» Work order
Your output should be the lines below from the one with "Exotische Protea Blüte" through the one with "按下图用网线把PLC和电脑连", copied exactly, pictures excluded.

» Data to process

==========

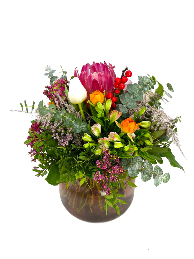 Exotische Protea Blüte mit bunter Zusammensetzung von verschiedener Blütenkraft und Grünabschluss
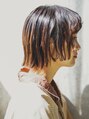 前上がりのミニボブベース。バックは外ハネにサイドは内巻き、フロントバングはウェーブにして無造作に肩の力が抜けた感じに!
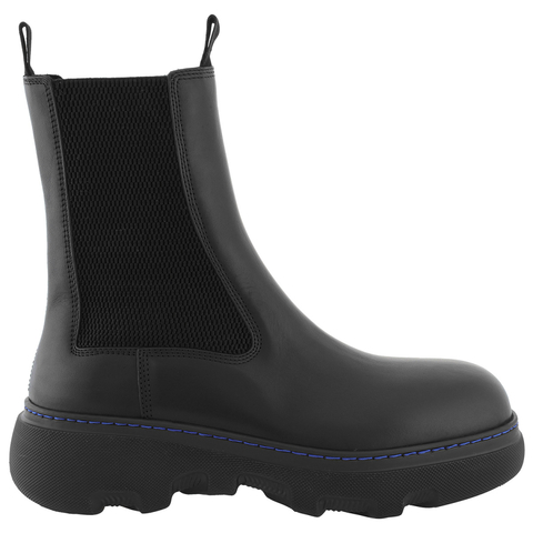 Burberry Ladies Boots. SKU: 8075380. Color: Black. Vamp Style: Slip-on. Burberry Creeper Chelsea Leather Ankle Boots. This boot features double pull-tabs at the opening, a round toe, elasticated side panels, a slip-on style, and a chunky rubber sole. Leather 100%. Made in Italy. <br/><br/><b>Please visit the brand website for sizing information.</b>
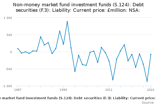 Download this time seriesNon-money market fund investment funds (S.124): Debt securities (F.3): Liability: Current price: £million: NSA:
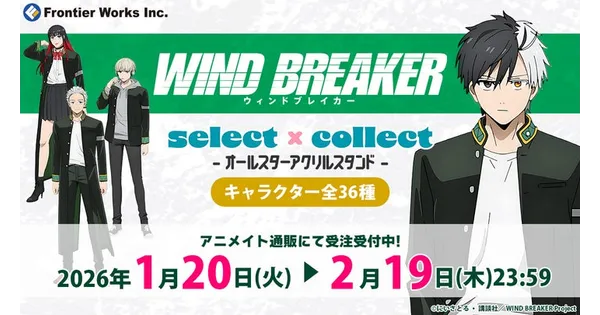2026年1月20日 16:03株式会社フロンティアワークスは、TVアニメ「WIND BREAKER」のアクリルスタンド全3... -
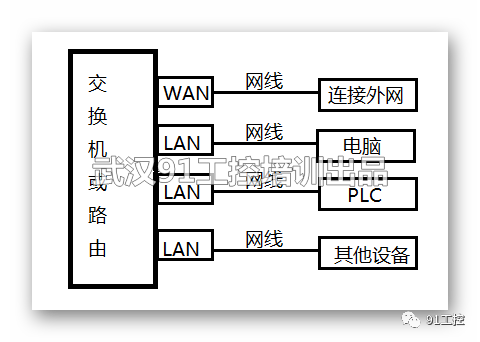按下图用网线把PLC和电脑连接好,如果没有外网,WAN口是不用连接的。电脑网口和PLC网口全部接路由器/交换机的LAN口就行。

==========

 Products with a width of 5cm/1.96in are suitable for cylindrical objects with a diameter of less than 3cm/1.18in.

==========

» Response area
 Exotische Protea Blüte mit bunter Zusammensetzung von verschiedener Blütenkraft und Grünabschluss
 前上がりのミニボブベース。バックは外ハネにサイドは内巻き、フロントバングはウェーブにして無造作に肩の力が抜けた感じに!
 Burberry Ladies Boots. SKU: 8075380. Color: Black. Vamp Style: Slip-on. Burberry Creeper Chelsea Leather Ankle Boots. This boot features double pull-tabs at the opening, a round toe, elasticated side panels, a slip-on style, and a chunky rubber sole. Leather 100%. Made in Italy. <br/><br/><b>Please visit the brand website for sizing information.</b>
 Download this time seriesNon-money market fund investment funds (S.124): Debt securities (F.3): Liability: Current price: £million: NSA:
2026年1月20日 16:03株式会社フロンティアワークスは、TVアニメ「WIND BREAKER」のアクリルスタンド全3... -
按下图用网线把PLC和电脑连接好,如果没有外网,WAN口是不用连接的。电脑网口和PLC网口全部接路由器/交换机的LAN口就行。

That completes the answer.